* _ABOUT THIS TASK_
The answer is the first line of the listing and every line after it through the one containing "PINK BELLAROSE STRAP", exact, with pictures removed.

[Opening THE DATA section]

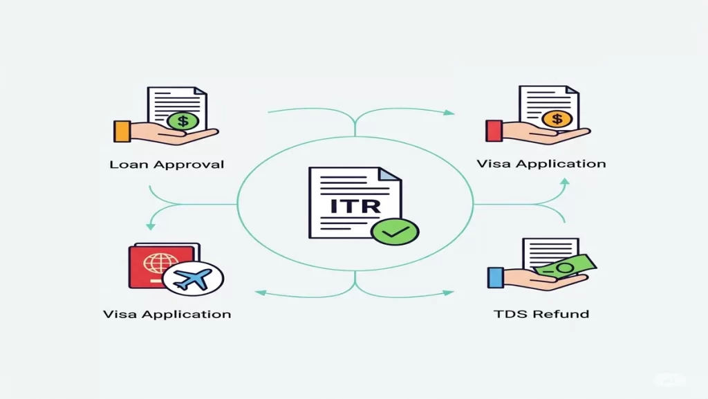 जब आप किसी भी बैंक से लोन लेने जाते हैं तो बैंक आपकी वित्तीय स्थिति देखना चाहता है। आपका नियमित आईटीआर आपकी आय और वित्तीय स्थिरता का एक मजबूत प्रमाण होता है। इससे आपको होम लोन, कार लोन या पर्सनल लोन आसानी से मिल सकता है।
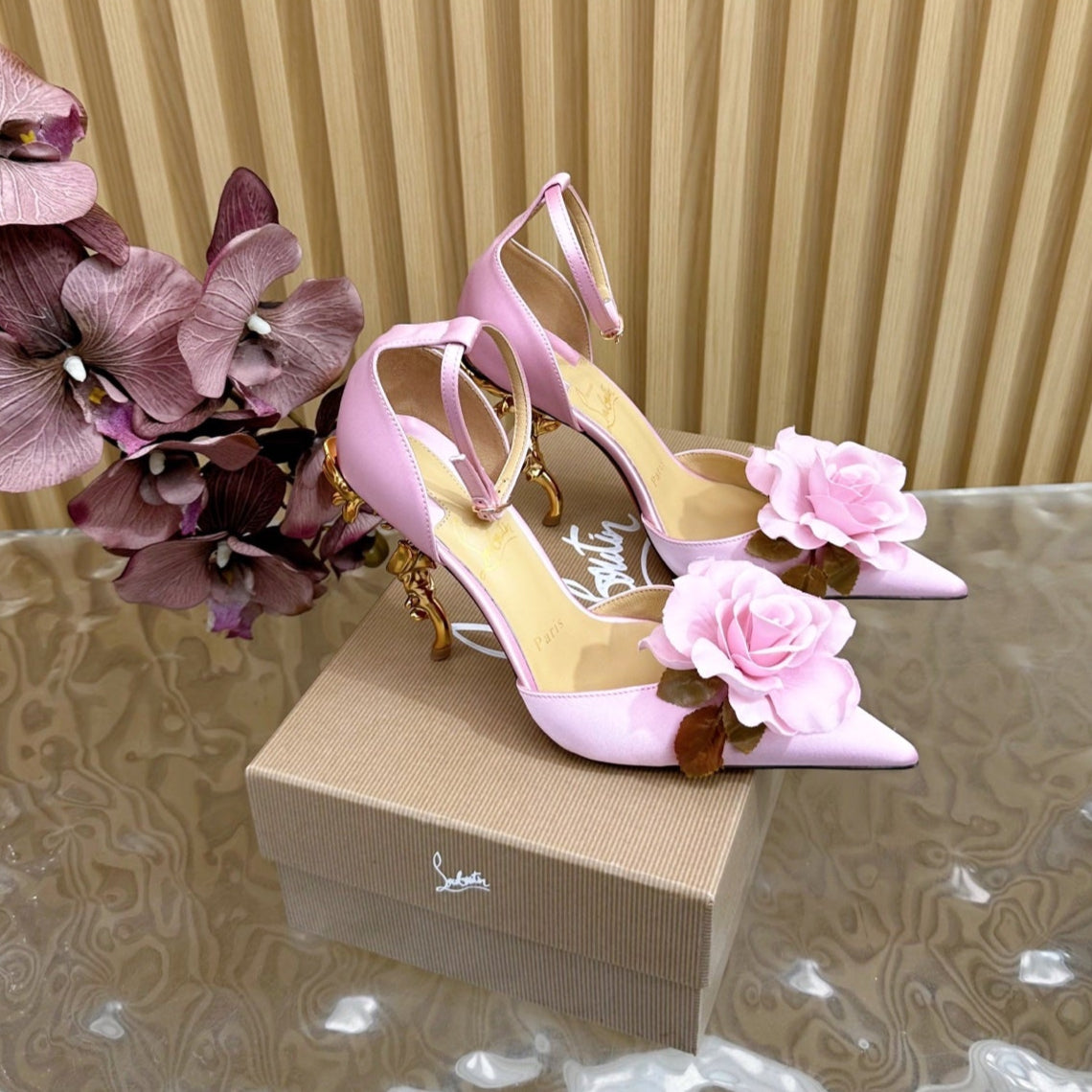 PINK BELLAROSE STRAP PUMPS 110MM IN PINK CREPE SATIN
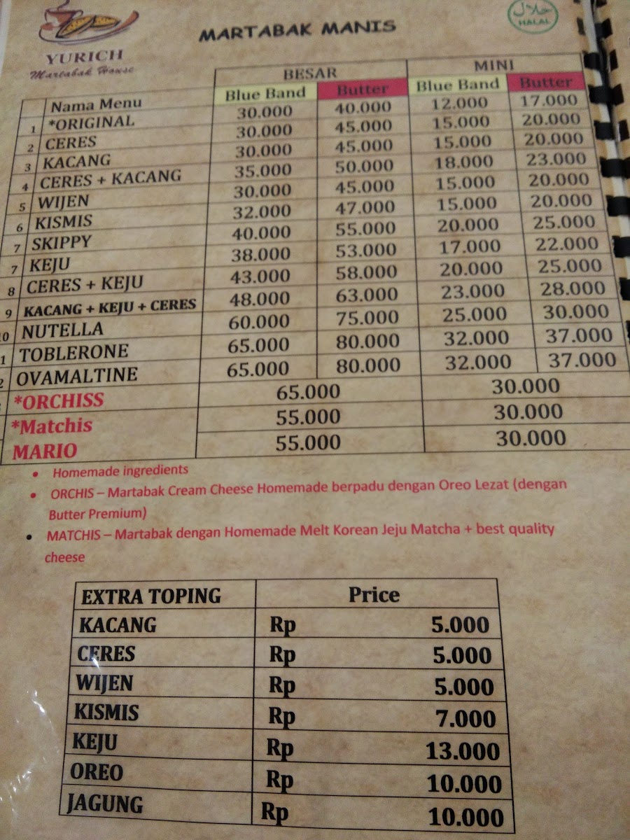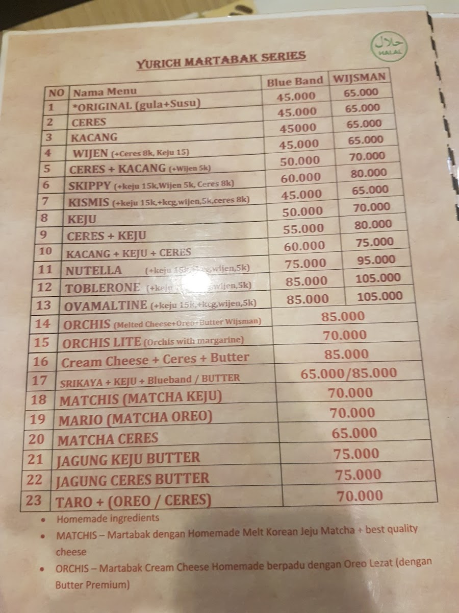 At Yurich Martabak & Kebab House, diners can expect a delightful fusion of flavors with a menu that brings together the best of Indonesian street food. With specialties like martabak, a crispy, stuffed pancake, and succulent kebabs grilled to perfection, there’s something to please every palate. Whether you’re in the mood for a savory meat-filled martabak or a deliciously seasoned kebab served with fresh accompaniments, every dish is packed with bold and aromatic flavors. The laid-back, welcoming atmosphere makes it a perfect spot for a casual meal with friends or a quick bite. Located in the heart of Medan City, this spot offers a convenient and satisfying option for anyone looking to indulge in some of the most iconic dishes of Indonesian cuisine. With a menu designed to satisfy both traditional cravings and adventurous tastes, Yurich Martabak & Kebab House Menu offers a memorable dining experience.

[Closing THE DATA section]

* _TASK OUTPUT_
 जब आप किसी भी बैंक से लोन लेने जाते हैं तो बैंक आपकी वित्तीय स्थिति देखना चाहता है। आपका नियमित आईटीआर आपकी आय और वित्तीय स्थिरता का एक मजबूत प्रमाण होता है। इससे आपको होम लोन, कार लोन या पर्सनल लोन आसानी से मिल सकता है।
 PINK BELLAROSE STRAP PUMPS 110MM IN PINK CREPE SATIN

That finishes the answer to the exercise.